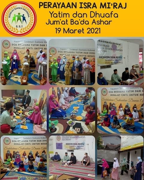 Alhamdulillah Yayasan Sedekah Sukses Indonesia memaknai Isra’ Mi’raj dengan bermunajat, berdzikir memohon ampunan kepada ALLOH Subhanahu Wata’ala bersama Putra Putri Yayasan Sedekah Sukses Indonesia dengan penuh kesederhanaan menauladani sifat Baginda Rosululloh SAW.
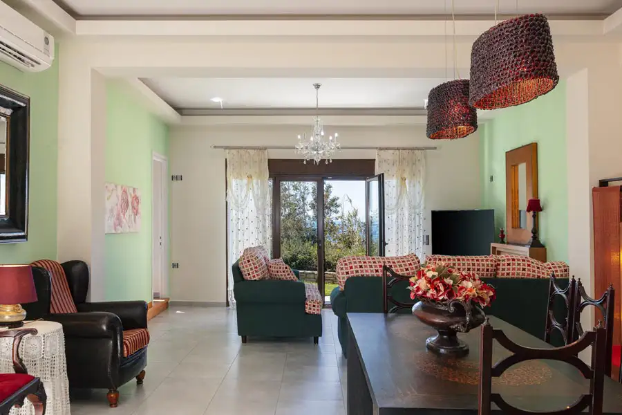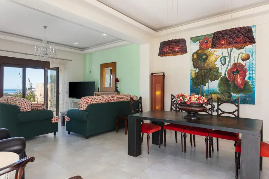 Η βίλα είναι εξοπλισμένη με 4 υπνοδωμάτια, 3 μπάνια, κλινοσκεπάσματα, πετσέτες, τηλεόραση επίπεδης οθόνης με δορυφορικά κανάλια, τραπεζαρία, πλήρως εξοπλισμένη κουζίνα και βεράντα με θέα στη θάλασσα. Μια ιδιωτική είσοδος οδηγεί τους επισκέπτες στη βίλα, όπου μπορούν να απολαύσουν λίγο κρασί ή σαμπάνια και φρούτα. Υπάρχει επίσης καθιστικό και τζάκι.
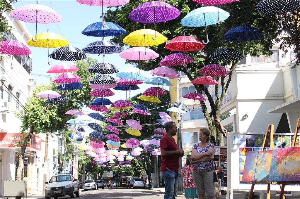 Se a última quinta-feira (29) foi de sol forte em Cianorte, na Rua Piratininga choveu cultura. Quem passou pelo local foi surpreendido por uma estrutura de guarda-chuvas de diferentes cores, suspensos, que serviram como teto para diferentes expressões e manifestações artísticas, entre elas música, exposição de artes, flores e fotografias, além de atividades circenses. A programação durou todo o dia e envolveu pessoas de diferentes idades e estilos.
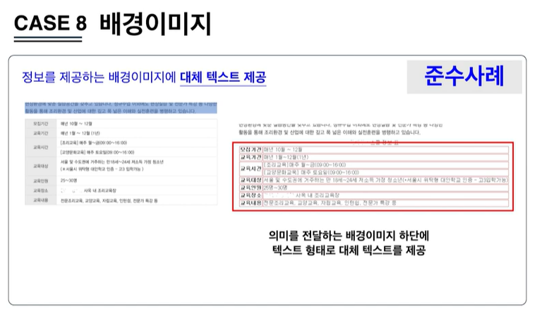 3. 콘텐츠에 적절한 대체 텍스트를 제공한 경우, 시각으로 제공받는 정보가 불충분하여 사용자가 콘텐츠의 핵심내용을 인지할 수

---*---

* What you should do: For this exercise, retype the data above exactly and skip every image.

* Output of the task:
 Alhamdulillah Yayasan Sedekah Sukses Indonesia memaknai Isra’ Mi’raj dengan bermunajat, berdzikir memohon ampunan kepada ALLOH Subhanahu Wata’ala bersama Putra Putri Yayasan Sedekah Sukses Indonesia dengan penuh kesederhanaan menauladani sifat Baginda Rosululloh SAW.
 Η βίλα είναι εξοπλισμένη με 4 υπνοδωμάτια, 3 μπάνια, κλινοσκεπάσματα, πετσέτες, τηλεόραση επίπεδης οθόνης με δορυφορικά κανάλια, τραπεζαρία, πλήρως εξοπλισμένη κουζίνα και βεράντα με θέα στη θάλασσα. Μια ιδιωτική είσοδος οδηγεί τους επισκέπτες στη βίλα, όπου μπορούν να απολαύσουν λίγο κρασί ή σαμπάνια και φρούτα. Υπάρχει επίσης καθιστικό και τζάκι.
 Se a última quinta-feira (29) foi de sol forte em Cianorte, na Rua Piratininga choveu cultura. Quem passou pelo local foi surpreendido por uma estrutura de guarda-chuvas de diferentes cores, suspensos, que serviram como teto para diferentes expressões e manifestações artísticas, entre elas música, exposição de artes, flores e fotografias, além de atividades circenses. A programação durou todo o dia e envolveu pessoas de diferentes idades e estilos.
 3. 콘텐츠에 적절한 대체 텍스트를 제공한 경우, 시각으로 제공받는 정보가 불충분하여 사용자가 콘텐츠의 핵심내용을 인지할 수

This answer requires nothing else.